Matters dealt with and gladiator-esque challenges avoided, I returned to bed for what was actually another 55 minutes of kip but what seemed more like 30 seconds. It was the start of a busy day, of which normally I'm a huge fan of, but this time there was an undertone that I couldn't quite remember. It was niggling at the back of my mind like a pervert outside a school; feeling sort of uneasy but ultimately causing no harm until it's far too late to realise it's danger. I quite enjoyed being oblivious to this odd selection of metaphor and, after grappling with climbing in to the shower with only one working leg, set about my day with that familiar sense of enthusiasm I am often greeted with when unaware of problems I have forgotten completely about.

Despite the walk to uni taking twice as long and countless funny looks from people who I'm sure were thinking, "That guy walks funny and I'm positive looking at him will make him feel better about the situation," my day got off to a pretty bright start.
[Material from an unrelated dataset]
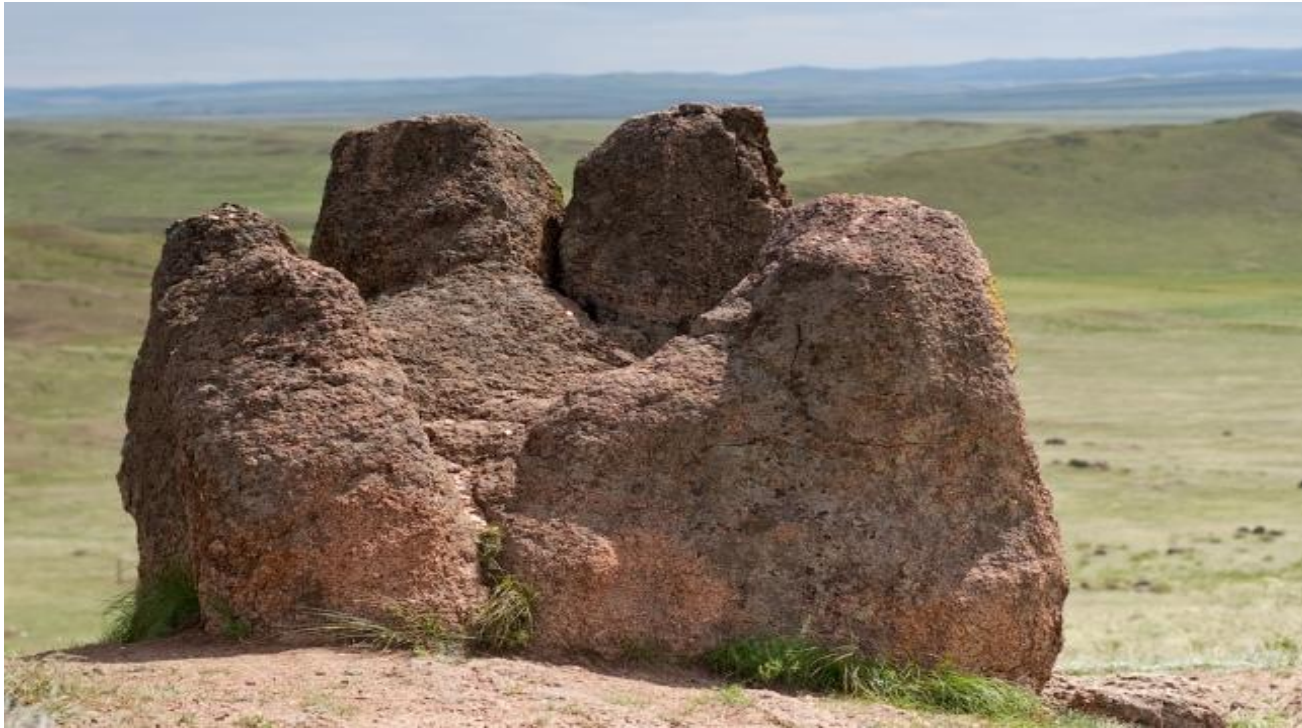
Табан хурган - пять пальцев. Республика Бурятия.

It's strange for me to talk about real life, because, well, it's quite boring, so I won't be all tedious and tell you about what actually happened. I'll instead conjure up a story similar to what happened and you can have fun in being confused by what I'm sure will turn out a fairly poor analogy.
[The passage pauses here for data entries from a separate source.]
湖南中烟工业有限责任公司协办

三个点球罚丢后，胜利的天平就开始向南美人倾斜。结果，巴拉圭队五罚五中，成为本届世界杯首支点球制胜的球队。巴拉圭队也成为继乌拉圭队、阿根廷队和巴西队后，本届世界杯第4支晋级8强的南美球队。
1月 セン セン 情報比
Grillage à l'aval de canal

Aladdin rubs lamp. Genie comes out. Genie grants Aladdin three wishes and Aladdin says, "To be honest I'd quite like some half decent ads to show for the crit today, perhaps for Lincoln to win tonight and for that niggling problem that I've forgotten completely about to sort itself out and end as well as it possibly can."
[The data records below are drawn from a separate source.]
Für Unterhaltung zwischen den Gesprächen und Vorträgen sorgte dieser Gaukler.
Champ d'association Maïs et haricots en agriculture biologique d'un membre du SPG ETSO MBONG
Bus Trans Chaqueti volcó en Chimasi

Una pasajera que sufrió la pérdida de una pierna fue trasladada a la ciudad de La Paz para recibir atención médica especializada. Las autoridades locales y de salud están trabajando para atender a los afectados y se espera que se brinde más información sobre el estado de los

In reality, two of those things happened. The Genie has done good. He can now be freed from his lamp because of how we trapped Jafar, or something along those Disney themed lines.

My crit went as they usually do: Really nice idea, good copy, shame you're terrible at art directing MAKE IT LOOK BETTER. I'm quite good at art, and I reckon I could make a decent film, but I seem to not be able to combine the two traits.

Other things then happen. They're not all that fun, so I'll summarise with a list in an attempt to not send myself to sleep by being reminded of them: I eat a sausage bap, I help out at some fayre thing, I look funny going down stairs, I ignore Topman sale signs, I use a lift to get up one floor, I buy a drink, I get told things I should have paid attention to but probably didn't because of that damn niggling issue eating away at my concentration.

Is it that I've got cancer and I've forgotten? Am I really Jesus and am yet to start in any real sense saving humanity? Is it a combination of both and God is feeling pretty stupid for giving his own son such a terrible condition? No, it's not. The chances were always slim. Did I have to walk up a mountain of stairs to find out? Yes I did! Of all the days in all the weeks in all the years of my life, today is the day stairs decide to impose themselves upon me.

Did it end well? Well the stairs didn't, no. They hurt. Nor did the other thing, really, but at least it won't niggle any more. Instead I can just put in on the pile of other things in my life that haven't gone to plan.

A pile which includes actually being Jesus.